A operacionalização dos cálculos foi estruturada em planilhas eletrônicas, onde se aplicaram as alíquotas específicas de cada tributo para simular os efeitos sobre indicadores financeiros fundamentais, como o lucro líquido final, a carga tributária efetiva e a margem operacional. A metodologia de cálculo seguiu os princípios da contabilidade societária e as orientações do Conselho Federal de Contabilidade, garantindo a integração entre a contabilidade e a tributação (Iudícibus et al., 2022).
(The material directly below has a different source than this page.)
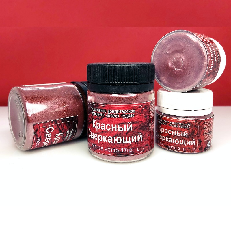 Плотный пищевой сухой блестящий краситель Сверкающий Красный, на основе Кандурина (Candurin®) без вкуса и запаха, №01.

A abordagem também considerou aspectos de governança e transparência fiscal, elementos essenciais para a manutenção de contratos com clientes institucionais que exigem solidez contábil (Torres, 2021). A triangulação entre os dados empíricos colhidos, as simulações técnicas realizadas e a fundamentação teórica conferiu robustez à análise, permitindo a validação dos achados e a interpretação dos resultados à luz da literatura especializada (Lopes, 2020).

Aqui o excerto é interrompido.